Extract and store cache metrics:

  • In the DeepSeek provider response handler, extract prompt_cache_hit_tokens and prompt_cache_miss_tokens from the API response metadata
  • Break down cache segments: system prompt tokens, tool schema tokens, conversation history tokens (approximate by measuring each segment length)
  • Store cache metrics in tool_traces.cache_tokens column (already created in Phase 1)
  • Optionally create a cache_stats table for per-segment breakdown: {turn_id, segment_name, hit_tokens, miss_tokens}
  • Expose via existing traces API (cache fields already part of the Trace schema) Verification: After a DeepSeek call, tool_traces row has cache_tokens populated. Cache segment breakdown is available when querying traces.

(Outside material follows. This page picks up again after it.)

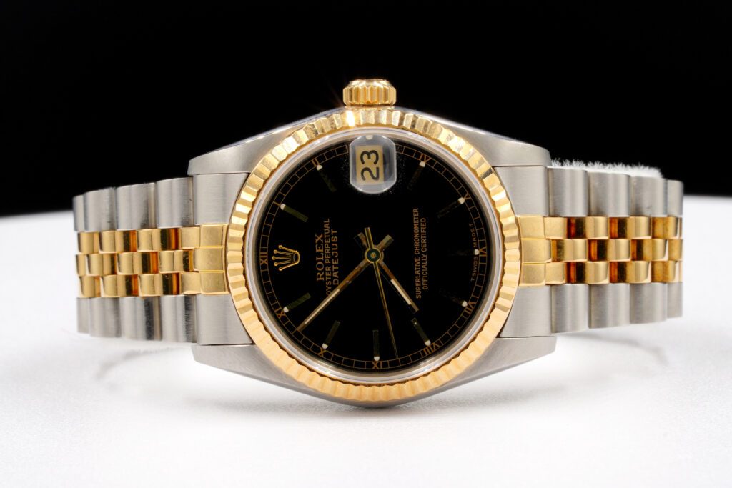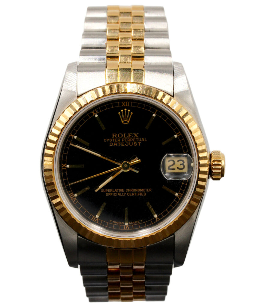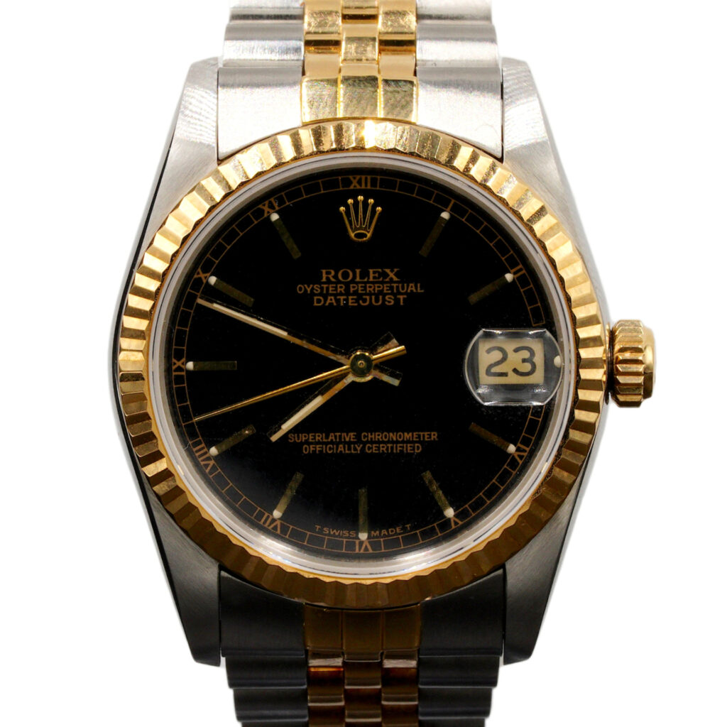 Mid Size Rolex Two-Tone Datejust Watch Black Dial Jubilee Band 68273 SKU: L391933AMT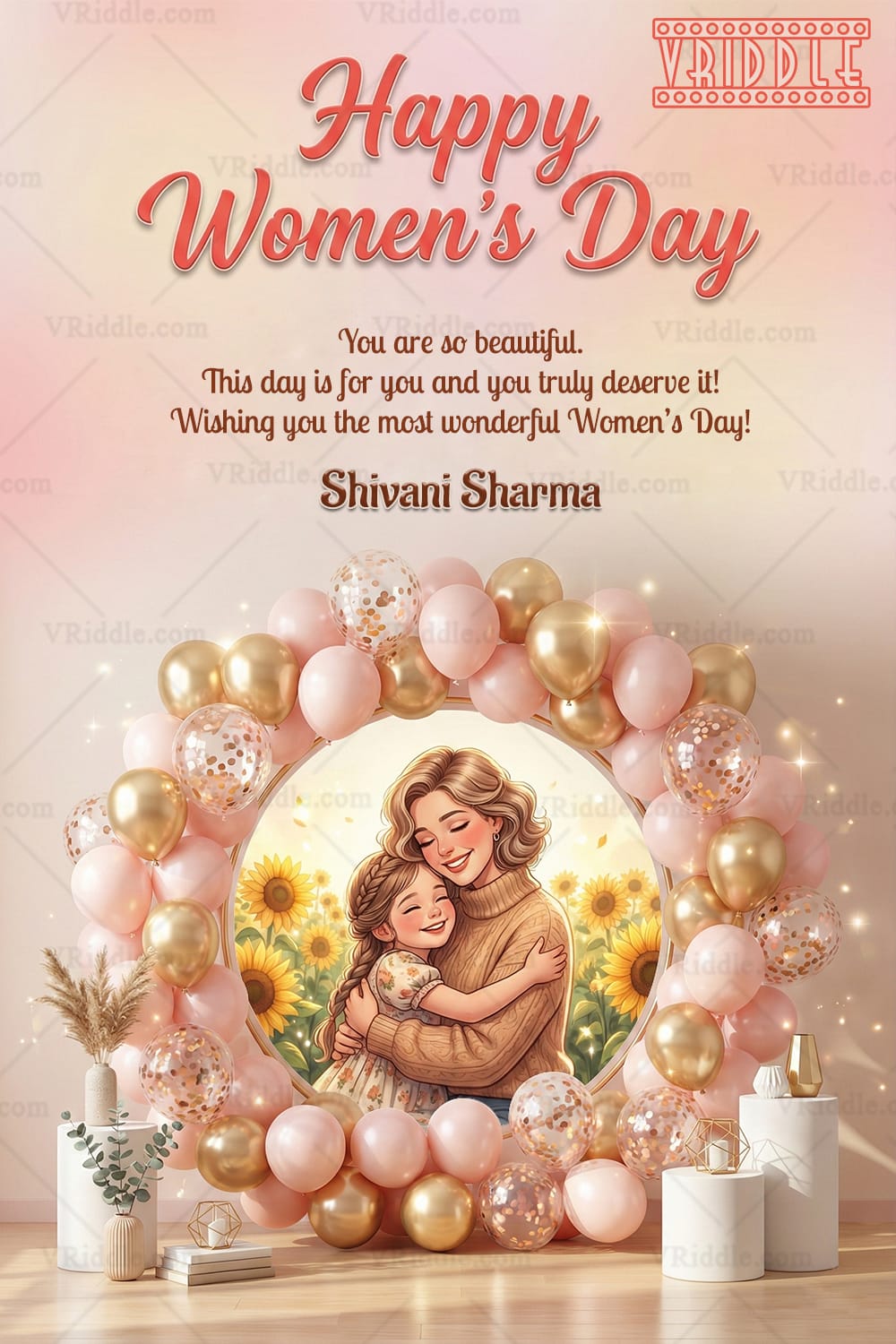 This heartwarming Women’s Day card celebrates love, strength, and tenderness through a beautiful mother–daughter illustration placed inside a luxurious circular balloon arch. The design features soft pastel shades of blush pink, peach, and gold, complemented by glossy balloons and subtle sparkles for a festive yet elegant feel. Sunflowers in the background symbolize warmth and positivity, while minimal décor elements and gentle lighting enhance the emotional charm of the card.

21. Cache shape visualization in trace viewer

Update the TraceViewer component with cache metrics:

  • Per-turn cache hit bar: horizontal stacked bar showing cached (green) vs non-cached (gray) tokens
  • Hit rate percentage displayed as a badge next to token count
  • Cumulative cache hit rate in the session footer: "Cache hit rate: 67% (45K/67K tokens)"
  • Color coding: green ≥60%, yellow 30-59%, red <30%
  • Tooltip on hover showing segment breakdown if available
  • Animate transitions when new trace data arrives Verification: Trace viewer shows cache hit/miss bars per turn. Cumulative rate in footer updates as new traces load. Color coding matches thresholds.